Diocese Acts to Protect Its Young
By Raygan Swan firstname.lastname@example.org
Henderson Gleaner [Kentucky]
October 28, 2003
As a response to national sexual abuse scandals, the Catholic Diocese of Evansville has started what it called an unprecedented training session to protect youths.
The training is aimed at involving every person in the diocese by establishing and maintaining an environment that is safe for children, said Bishop Gerald A. Gettelfinger. The U.S. Conference of Catholic Bishops has mandated better protection of the church's young people. The training is one step in that direction. Also, the Evansville diocese now requires criminal background checks on every diocese employee.
Gettelfinger has said the church wants to assure people that those who work for the church are free of criminal allegations.
"We regret that any child or young person was ever abused by someone working in the name of the church," Gettelfinger said. "We are committed to healing these wounds and, to the best of our ability, see that this does not happen again."

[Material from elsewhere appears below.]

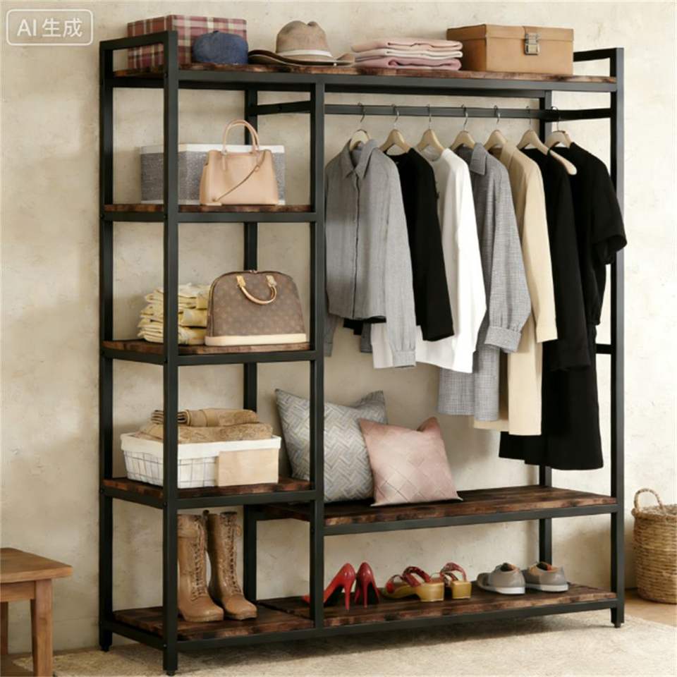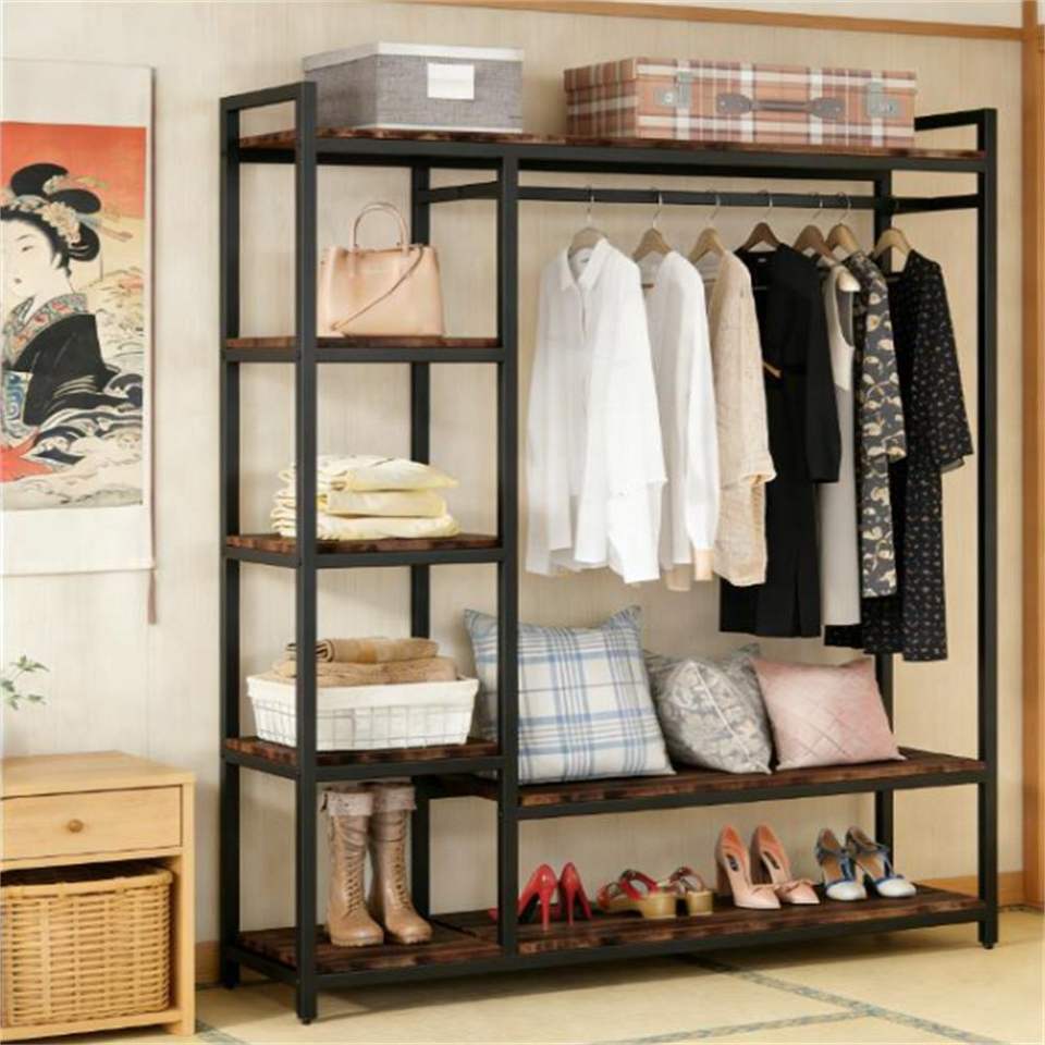 Armario Independiente con Estructura Metálica Resistente, Estante de Almacenamiento y Perchero

The training is being conducted for youth protection coordinators in parishes and schools throughout the 12 counties in the Evansville diocese. Coordinators who receive the training will then train staff and volunteers in their parishes and schools by the end of the year. Training manuals teach diocesan members how to recognize signs of abuse or neglect - physical, sexual and emotional. The manuals outline best practices for adults who work with youths, such as having separate overnight accommodations and no one-on-one contact. It is the policy of the Evansville diocese to report any allegation of abuse to police and child protective services, and to inform the bishop's office. Anyone who admits to sexual misconduct will be removed from his assignment, according to policy. In the last decade, four priests or members of the diocese have been removed as the result of sexual misconduct allegations, said Paul R. Leingang, director of communications.
In 2002, two members were investigated for sexual misconduct, but the allegations were never substantiated. The diocese review board allowed the members to return, he said.